Libraries were prepared with 100 ng in triplicate using the ThruPLEX DNA-Seq Kit, the NEBNext Ultra DNA Library Preparation Kit (New England Biolabs), or the KAPA Hyper Preparation Kit (Kapa Biosystems). All kits were used following the manufacturer's instructions with the exception that input DNA was increased to 100 ng for the ThruPLEX DNA-Seq Kit (recommended input range 0.05–50 ng). Pooled libraries were sequenced on an Illumina NextSeq® 500 in 2 x 76 bp paired-end runs. Sequence data was analyzed with the Picard Pipeline1 on DNAnexus. Briefly, reads were aligned to the human genome, hg19, using Burrows-Wheeler Algorithm2, BWA-MEM (Li and Durbin), to generate BAM files. Reads were then down-sampled to 2.7M read pairs across all samples. Picard Mark Duplicates (Picard) was used to count duplicate reads and estimate library diversity (Estimated Library Size), and Picard Collect GC Metrics was used to determine biases based on sequence GC content.

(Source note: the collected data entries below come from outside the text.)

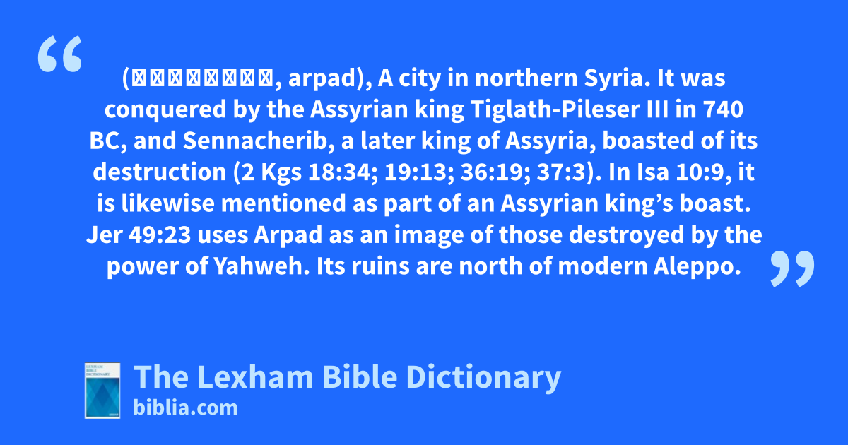 Arpad (אַרְפָּד, arpad), A city in northern Syria. It was conquered by the Assyrian king Tiglath-Pileser III in 740 bc, and Sennacherib, a later king of Assyria, boasted of its destruction (2 Kgs 18:34; 19:13; 36:19; 37:3). In Isa 10:9, it is likewise mentioned as part of an Assyrian king’s boast. Jer 49:23 uses Arpad as an image of those destroyed by the power of Yahweh. Its ruins are north of modern Aleppo.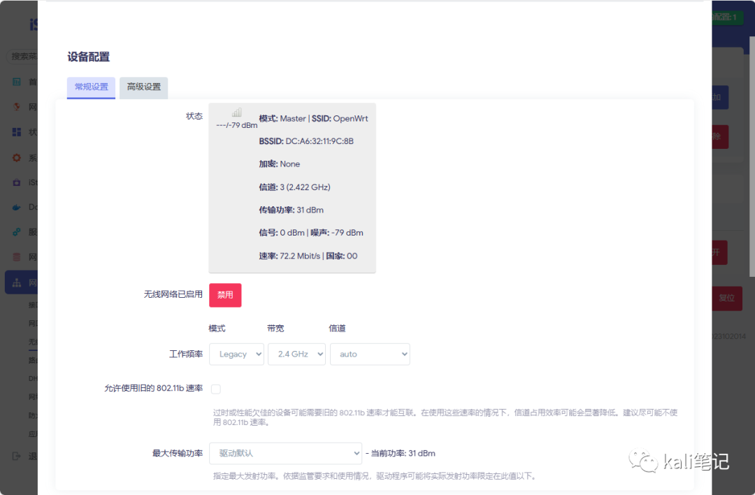 其实没有必要在旁路由中开启WiFi。主路由开启就行了!但是这里给大家说说怎样开启。点击网络— 无线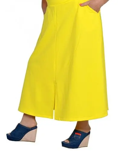 > Юбка из трикотажа футер желтая с карманами с разрезом по переду размеры 50-84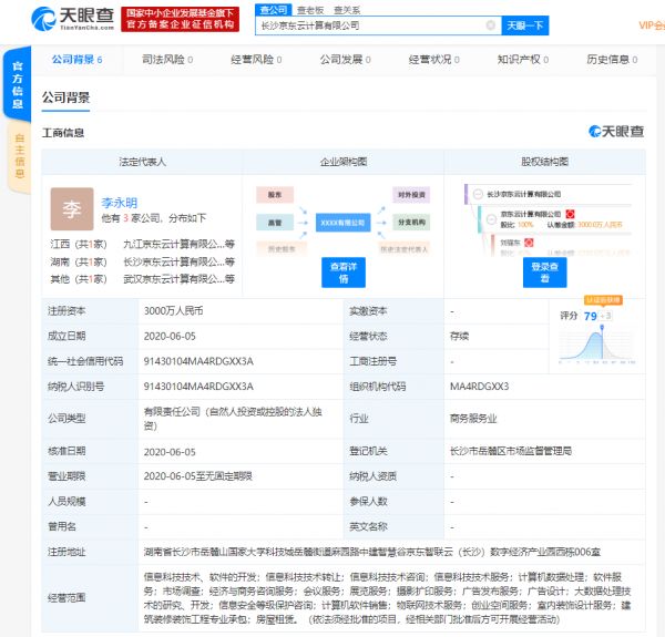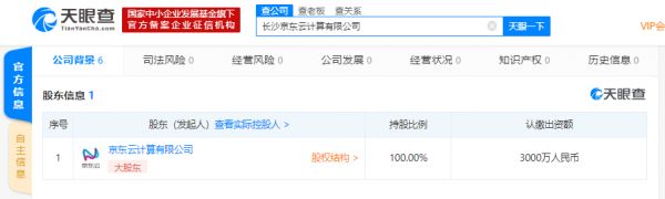 网易科技讯 6月16日消息,天眼查数据显示,近日,长沙京东云计算有限公司成立,该公司注册资本3000万人民币,法定代表人为李永明,公司经营范围包括大数据处理技术的研究、开发;信息安全等级保护咨询;物联网技术服务;信息科技技术、软件的开发;信息科技技术转让;信息科技技术咨询等,由京东云计算有限公司全资持股,后者的最大股东为刘强东。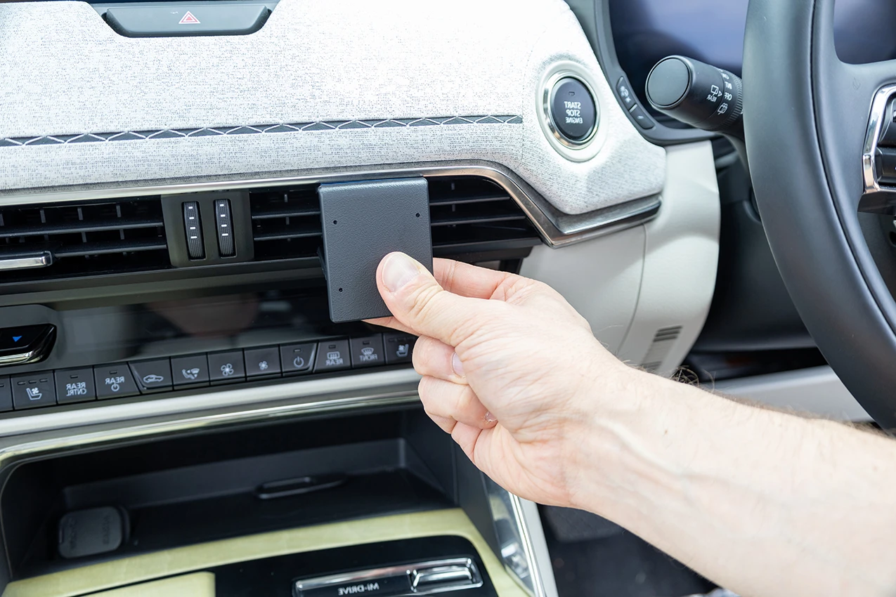 Press the thin end of the included gap opener into the gap between the air vent housing and the surrounding frame, to widen the gap. Use the enclosed alcohol pad to clean the area where the mount will be installed. Peel off the adhesive tape cover. Press the angled edge on the upper part of the mount into the opened gap. Pull out the gap opener.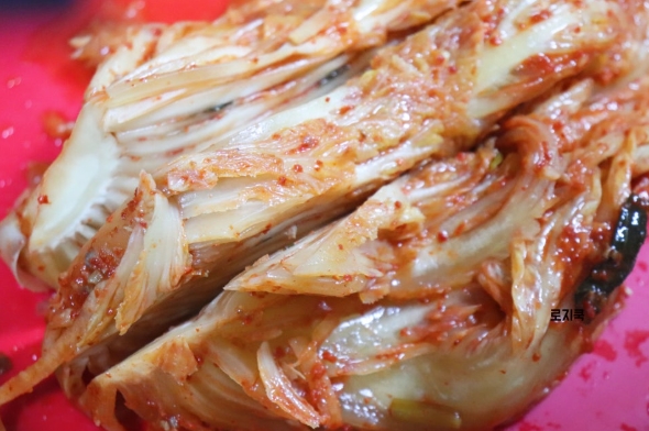 10. 고춧가루를 넣기 전에 김치를 먼저 넣어줍니다. 김치 속을 그대로 넣으면 깔끔하지 않기에 속을 제거 후 넣어줄겁니다. 통째로 넣어서 후에 잘라먹어도 되나, 넣을 때 4등분으로 길게 나눠줬고, 1/4쪽 사용했습니다.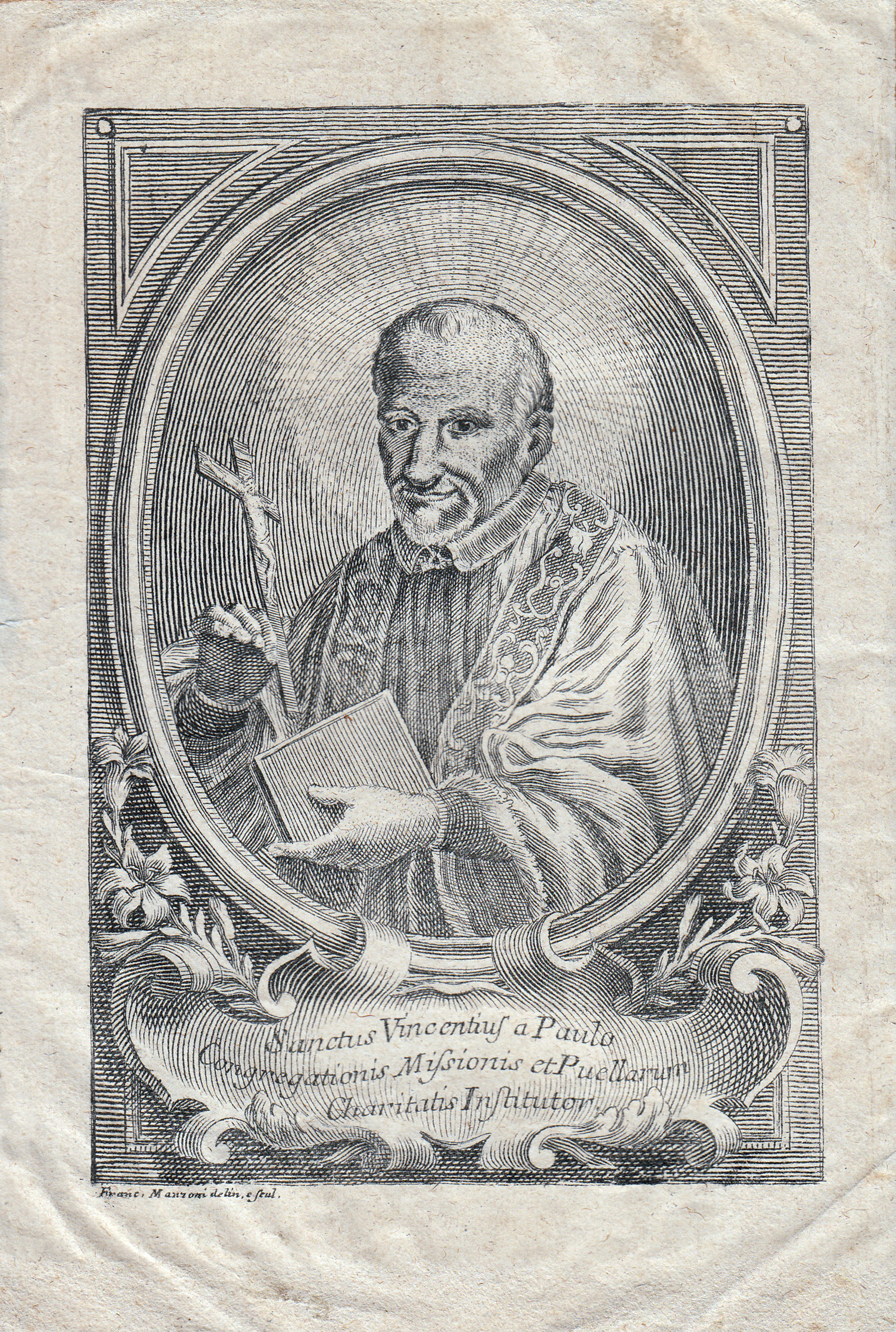 Text: SVdP, founder of the Congregation of the Mission and the Daughters of Charity.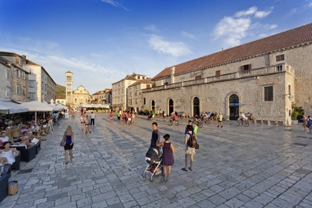 The town of Hvar is easy accessible from various sides, but probably the most attractive way to enter it is from the sea side. Admiring the old town, you will notice the romantic “Riva” surrounded by beautiful palms, the ancient city walls which end with the tower from the 7th century, on the hill above the town. On almost every corner you will find historical monuments which witness the long and rich history of Hvar. The layout of the town has been changed many times over the centuries, but today’s form is from the Renaissance period. Many visitors to Hvar acclaim that it is “the small box of treasures” of the Adriatic. It is important to notice that Hvar has the oldest theatre in Dalmatia. The favourable climate is very good for the healing of pulmonary diseases. Hvar invites its guests to spend their holidays in the numerous comfortable hotels, to enjoy the sun and the warm Adriatic Sea on its quiet beaches and to experience the night life, which is probably one of the best in this region of Croatia.

ThruPLEX DNA-seq libraries were then subjected to an enrichment step using Agilent ClearSeq Human DNA Kinome panel (~3.2 Mbp) with the Agilent SureSelect^XT2 target enrichment kit. Briefly, libraries generated with 100 ng (triplicate) from FFPE samples 4, 6, 7, 8, and 9 (15 total libraries) were pooled and used for capture following our SureSelect^XT2 integration protocol. The captured libraries were sequenced on the Illumina NextSeq 500 (2 x 76 mid-output reagent kit). A first low-pass run of all samples was downsampled to 2.7M reads. Deeper sequencing of a subset (1, 3, and 4) was downsampled to 30M reads to more accurately measure the key metrics. For kinome enrichment data, Picard CalculateHsMetrics was used to determine capture quality metrics after mapping with BWA-MEM.

Broad Institute. Picard Tools - A set of command line tools (in Java) for manipulating high-throughput sequencing (HTS) data and formats such as SAM/BAM/CRAM and VCF. http://broadinstitute.github.io/picard/

Li, H. & Durbin, R. Fast and accurate short read alignment with Burrows-Wheeler transform. Bioinformatics 25, 1754–1760 (2009).